Envoyer à un ami | Version à imprimer | Version en PDF

Virus et régionalisation

par Akram Belkaïd, Paris

C’est un classique des prévisions et des médias spécialisés. A chaque événement d’importance planétaire, l’interrogation porte sur ses conséquences économiques directes et indirectes. Une guerre au Proche-Orient ? On anticipe une hausse des prix du brut et l’impact récessionniste sur l’activité mondiale. Une catastrophe naturelle ? Les calculs sont plus compliqués, le coût des destructions étant «compensé» par les bénéfices à venir de la reconstruction (quand elle a lieu). Ces derniers temps, c’est le coronavirus qui sévit, principalement en Chine qui fait l’actualité avec plusieurs centaines de décès. Villes confinées, quarantaines, fermetures d’usines, limitation des déplacements : il est évident que cette grave crise sanitaire aura d’importantes conséquences.

Circuits logistiques raccourcis

Selon le Fonds monétaire international (FMI), la croissance du Produit intérieur brut (PIB) mondial, prévue à 3,3% pour 2020, devrait être amputée de 0,1 à 0,2 points.
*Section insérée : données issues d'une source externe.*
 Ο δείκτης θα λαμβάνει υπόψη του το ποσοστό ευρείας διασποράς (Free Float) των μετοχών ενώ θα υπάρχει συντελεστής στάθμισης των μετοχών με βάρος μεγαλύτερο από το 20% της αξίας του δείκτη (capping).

Ce n’est là qu’une première anticipation qui sera affinée au fur et à mesure des résultats annoncés par les grandes multinationales. En début de semaine, Apple a d’ores et déjà averti qu’il lui sera difficile de tenir ses objectifs de production. Son sous-traitant chinois Foxconn a effectivement fermé plusieurs sites de production et le redémarrage complet n’interviendra qu’après la constatation effective du passage du pic de la pandémie.
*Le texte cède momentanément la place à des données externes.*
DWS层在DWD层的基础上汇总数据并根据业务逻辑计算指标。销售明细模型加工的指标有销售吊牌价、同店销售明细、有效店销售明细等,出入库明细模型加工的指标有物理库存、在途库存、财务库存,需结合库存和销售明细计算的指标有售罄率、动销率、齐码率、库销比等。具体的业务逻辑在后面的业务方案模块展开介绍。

Le plus intéressant dans l’affaire est lié aux enseignements à long terme qui seront tirés de cette crise. On sait que la Chine est «l’usine du monde» avec une part dans la valeur ajoutée du secteur manufacturier mondial qui est passée de 8%à 2002 à 25% en 2019. Cette prépondérance présente un risque majeur : que la Chine aille mal, et c’est toute la planète qui tousse. Épidémie, mais aussi crise politique (Hong Kong) ou guerre commerciale avec les États-Unis sont autant d’événements qui plaident pour une diversification des sources de production.

Les grandes entreprises qui redécouvrent le fil à couper le beurre de manière récurrente se remettent donc à parler de «régionalisation» et de «relocalisation». Pour diminuer la dépendance à l’égard de la Chine, les circuits logistiques tendent à être raccourcis. Il s’agit d’être plus proche du consommateur final et de diminuer le nombre de sous-traitants. Pendant longtemps, le dogme consistait à fabriquer au loin, là où le coût du travail était moindre, et à éviter de constituer des stocks trop importants. Aujourd’hui, la donne change. L’écologie pointe du doigt la pollution des navires et porte-containers, et les instabilités politiques d’ici et de là ne plaident pas pour une multiplication des fournisseurs. Aujourd’hui, un équipement électroménager peut être assemblé avec des composants venant de 20 à 50 pays ! Une folie...

Protectionnisme

Le fait que le coût du travail en Chine ne cesse d’augmenter n’est pas étranger à ce changement de donne. En trente ans, il a triplé, et la tendance reste orientée à la hausse. Pourquoi alors fabriquer aussi loin quand les «bénéfices» sont moindres ? Ajoutons à cela le retour en force du protectionnisme avec ce principe que les dirigeants algériens qui multiplient les déclarations loufoques en matière d’économie feraient mieux d’intégrer : «Pour vendre quelque chose dans un pays, il faut qu’elle y soit fabriquée.» Les États-Unis et la Chine appliquent ce principe. D’autres pays leur emboîtent le pas. Il est temps de réfléchir sérieusement à un protectionnisme intelligent en Algérie.